The MiCA law, one year later: opening the door to banks and tighter oversight of digital currencies

The Markets in Crypto-Assets Regulation provides investor protection for digital currencies. With the implementation of this rule, new supervision mechanisms were introduced for the issuance and custody of these assets, and for market transparency, putting the same rules of the game in place across the EU.

On December 30, 2024, the well-known MiCA regulation — Markets in Crypto-Assets — came into force. A regulatory framework that put the European Union at the forefront of crypto rules and has had a major impact on the market. However, many questions remain: what exactly does it regulate? and what impact has it had after a year in force?

What the MiCA law is about

The objectives of the regulatory framework are simple: provide legal certainty for digital currencies; protect investors; ensure stability and integrity and promote innovation. Of course, to translate these aims into something tangible, the EU had to be specific and roll out a set of rules that have curtailed some practices and encouraged others.

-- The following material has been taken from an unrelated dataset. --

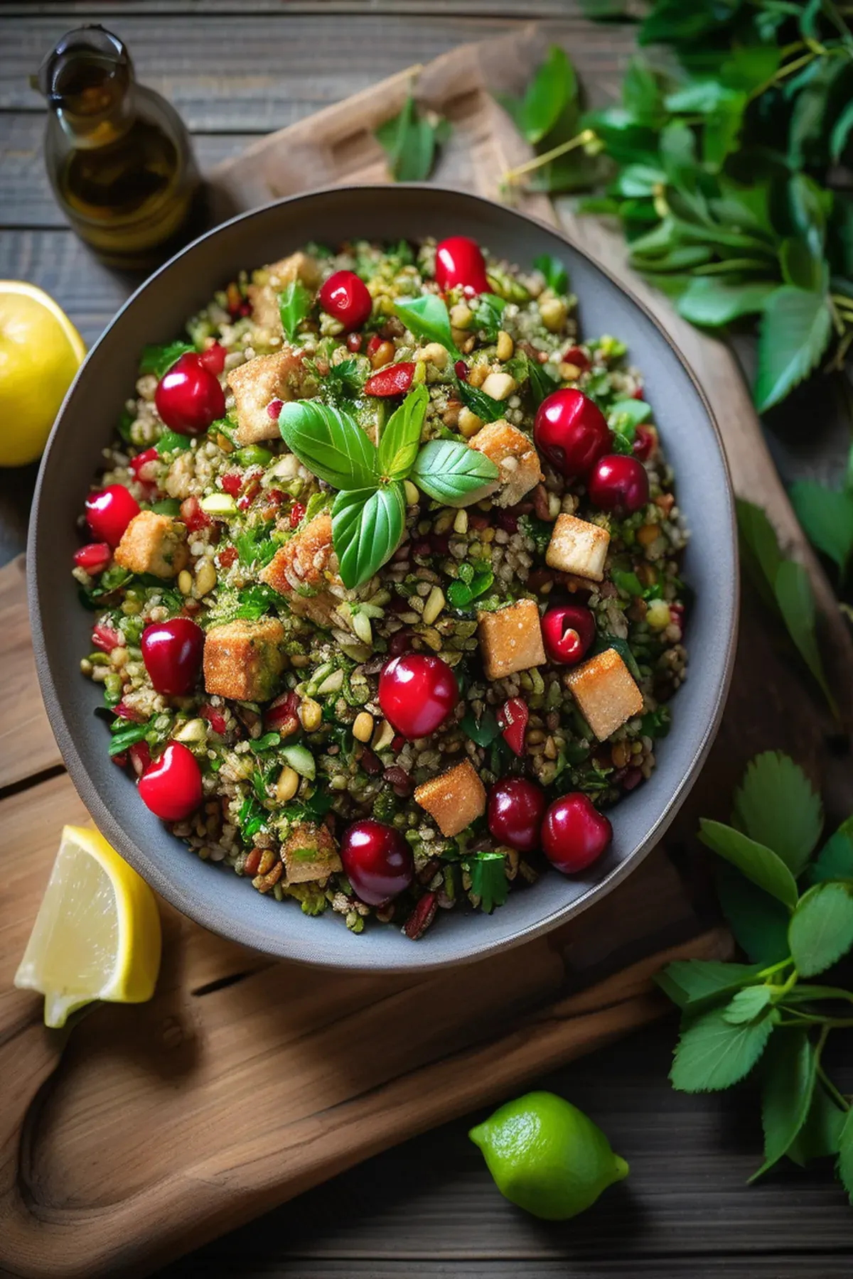 This is my go to dish when I want something fresh and satisfying but don't have much time. Cherry and pistachio tabbouleh with crispy tofu comes together in just 25 minutes and proves that healthy eating doesn't need to be complicated. The bulgur wheat is wonderfully filling and packed with fibre, keeping you satisfied for hours. What I love most is how the tart cherries and crunchy pistachios transform humble tabbouleh into something special, while the crispy tofu adds protein without any fuss. It's colourful, nutritious, and genuinely delicious.
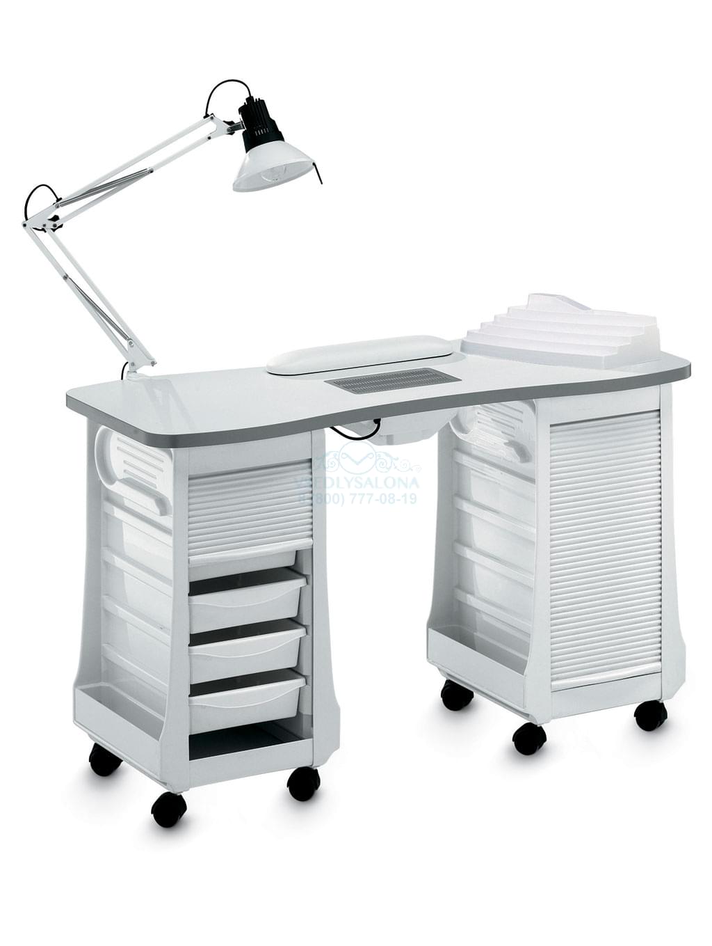 Маникюрный стол с вытяжкой, двумя тумбами и белой ламинированной столешницей. Тумбы пластиковые на колесах с выдвижными ящиками. Варианты цвета тумбы: белый, серый, черный. В комплекте: лампа, подушка для маникюра, подставка для лаков. Размер: 122х48х74

Primarily, the regulation set requirements for so-called stablecoins — stable currencies pegged to the euro or the dollar — and for the platforms that offer these crypto assets. These platforms, the Crypto-Asset Service Providers (CASPs) — such as exchanges, custodians (enterprise/ custody wallets) and brokers — must obtain authorization (a “MiCA license” or an “EU passport”) to operate within the EU.

Before diving into the regulation and examining, point by point, what is affected and how, it’s worth noting that, for now, in many countries the regulation is in a transitional period until mid-2026 to give platforms more flexibility to adapt and obtain the much-sought “MiCA license” in time.

MiCA in detail: from stablecoins to licenses

To better understand the regulation — what it seeks to achieve and its impact — it’s best to look at each main point in turn. The thing is, not everything came into force at the same time. In fact, the first provisions to take effect were those related to stablecoin regulation, which led to the ban on Tether (the world’s largest stablecoin) in the EU.

Stablecoins: This part took effect in June 2024 and distinguishes stablecoins from asset-referenced tokens. For the former, issuers are required to maintain liquid, segregated reserves managed by regulated entities. It’s not just about transparency — it’s also about liquidity: if a stablecoin faces a large-scale withdrawal, it must hold a sufficient amount of liquid assets. In fact, MiCA requires 65% of reserves to be held in cash.

MiCA License: The MiCA license introduces major changes for crypto-sector players as well as for investor protection. To begin with, this European passport means that exchanges or crypto-asset service providers only need a single authorization to operate across all 27 EU member states, instead of having to register country by country.

This license must be obtained by exchanges, custodians, brokers and crypto advisers alike. The goal is to demonstrate that the company is solvent, secure and trustworthy. To achieve this, they must meet minimum capital requirements, maintain reserve funds, employ staff with proven industry experience, have a registered office in an EU member state, present a business plan, implement strong cybersecurity protections, and comply with anti-money laundering (AML) and counter-terrorist financing (KYC) rules. They must also segregate client assets if they offer custody services, ensuring that even if the company fails, client funds remain protected. 

It’s a process that can take several months, which is why many leading companies in the sector are now announcing that they’ve secured the license, without which they wouldn’t be able to operate. For example, BBVA was one of the first major banks to obtain it.

What does MiCA leave out?

Although MiCA is a major step forward for the European Union in creating a safer environment for participants in the crypto market, there are several notable exclusions. MiCA does not regulate NFTs (non-fungible tokens) or DeFi (Decentralised Finance). For this reason, it’s possible that new developments will continue to emerge in 2026 and beyond to provide further regulatory clarity.

Impact of MiCA on market players: market exits, service restructuring and the entry of major banks

By mid-2025, only 53 MiCA licenses had been granted, which forced smaller companies to be absorbed by larger players, while others had to restructure or exit the European market. The most positive aspect of this regulation is that, precisely because of its strict requirements and investor protections, it has attracted major financial institutions. For example, BBVA and Commerzbank have obtained authorizations related to crypto (custody and brokerage), leveraging MiCA to integrate digital assets into their core services, along with other investment entities such as Baader Bank.

In short, although MiCA is not a comprehensive regulation for the crypto market, it represents a significant step forward in providing regulatory clarity and opening the door to investment in a new asset class that could shape the future economy, thanks to powerful blockchain technology.

MiCA 2.0, the next step in the revolution

MiCA is still, in some areas, in a transitional phase. However, work is already underway in Brussels on the next version of the regulation. This second iteration aims to address programmability and decentralization. It will cover smart contracts as well as DeFi, ensuring these areas do not end up as regulatory gaps within the Eurozone’s financial ecosystem.